An FSP sued a client for loss of commission when a policy was cancelled. This was provided for in a written agreement between the two parties. The Magistrates’ Court dismissed the broker’s claim with costs, on the basis that the written agreement on which the claim was based, contravened section 49 of the Long-term Insurance Act 52 of 1998 (the Act), read with the regulations promulgated thereunder.
The broker successfully appealed against this finding to the High Court, after which the client went to the Appeal Court which found in his favour.
The following wording from the agreement appears in the finding of the appeal court:
‘Ek begryp en aanvaar dat enige versekeringsbesigheid namens my, deur my tussenganger geplaas, voorsiening maak dat my tussenganger deur die betrokke versekeraar vergoed sal word volgens die aard van die produk deur my aanvaar, en soos op die kwotasie van die versekeraar/s aan my voorgelê, aangedui word. Ek en my tussenganger kom ooreen dat sodanige vergoeding deur ons beide aanvaar sal word as vergoeding vir die dienste aan my gelewer. Indien my tussenganger se vergoeding teruggevorder word deur die versekeraar as gevolg van my eie (die polishouer) se optrede tot nadeel van die tussenganger, aanvaar ek, die ondergetekende dat ek steeds verantwoordelik sal wees vir genoemde, ooreengekome vergoeding.’
The Appeal Court finding states that the broker had expended time and energy in procuring the policy and was now deprived of the commission he would otherwise have earned had the client not cancelled the policy.
“In considering the statutory provisions the Free State High Court held that there was no prohibition against an agreement between an intermediary and his client…in terms of which the latter was able to look to the former for compensation. It held that the Act did not deprive the intermediary of his right to recover commission that was his or her due.”
“The question before us is whether these conclusions were correct.”
Section 56 of the Long-Term Insurance Act provides that an agreement, in terms of which a person who has entered into a long-term policy waives a right to which he or she is by virtue of the Act entitled, is void.
“If such agreements were to be enforced it would have the effect of penalising a consumer financially for exercising the statutory right to cancel a policy within the ‘cooling-off’ period. The result of enforcing the agreement would be to hold a consumer liable for the loss of a commission that never accrued.”
An article in Personal Finance suggested that this determination by the Appeal Court may pave the way for many similar claims, as the finding only went against the broker on a technical point, namely that the policy was cancelled in the cooling-off period, and not against claiming against the client say three months down the line.
The Personal Finance article quotes Jonathan Dixon, the FSB’s deputy executive in charge of insurance as saying that they plan “…to review arrangements that result in policyholders having to repay commission claw-backs levied by life assurance companies.”
“The service provided to the client is remunerated by means of commission. The claw-back is there to ensure that the intermediary’s incentives are properly aligned with the policyholder so as to ensure appropriate selling. Any arrangement to have a policyholder refund a claw-back to an adviser undermines the intentions of regulation.”
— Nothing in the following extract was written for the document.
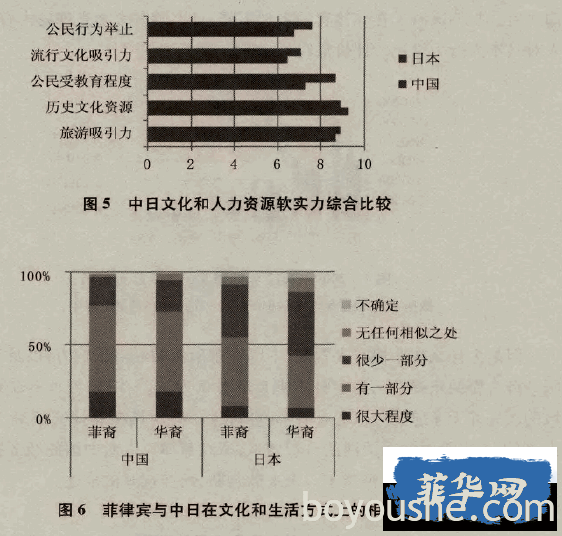 中国人移民菲律宾的历史悠久,根据考古学上的发现,很可能早在公元前的中国人移民菲律宾的历史悠久,根据考古学上的发现,很可能早在公元前的汉朝,中国居民便已迁居菲律宾群岛。目前关于菲律宾华人的人口数量,并没有非常科学和权威的统计数据,大致认为在120万至150万之间。根据台湾“侨委会”在2011年7月的估算,截至2010年底,华人人口约145.9万,占菲律宾总人口的1.55%。实际上,由于华菲人通婚普遍,很难在菲律宾找到没有中国血统的菲律宾人,一种说法是20%的菲律宾人都拥有中国血统。中华文化对菲律宾的影响可谓非常深远,无论是菲律宾语言、风俗习惯还是饮食,都能找到中华文化的痕迹。因此,较日本而言,无论是华裔还是菲裔,大部分菲律宾人都认可菲律宾和中国在文化与生活方式上拥有很多的相似之处(见图 6),尽管这一比例依然低于美菲之间的相似度。

Dixon says the challenge with the existing legislation is that it grants fairly wide discretion to what an intermediary may negotiate with you.
The FSB plans to clarify the interpretation of what constitutes an intermediary service for which commission is payable. The guiding principle should be that an intermediary should not be remunerated twice for providing the same service, Dixon says.
In other words, an intermediary cannot charge you a fee for something that falls within the definition of intermediary services for which a commission is already paid.
“Of course, the intermediary who forgoes commission may negotiate a fee with the client.”
Dixon says the commission is, at least in part, a means of compensating the intermediary for providing an ongoing service to a policyholder while the policy remains in existence.
At the risk of sounding like a stuck record I need to reiterate that there needs to be a clear distinction between remuneration for advice and that payable for intermediary services. If my doctor declares me fully fit and healthy, and I get hit by a truck a week later, can I then claim back my payment to him?
This debate is far from over. I hear that the whole issue of the status of an independent advisor is again under discussion. This proposal suggests that if you receive commission you may not call yourself independent; only if you are paid a fee directly by the client may you call yourself independent.
We are going to have to be a lot more proactive if we want to counter what is happening in terms of our livelihoods. The burning question is how?
Having a formal agreement drawn up may be the start of protecting ourselves, and also pave the way for negotiating fees in time.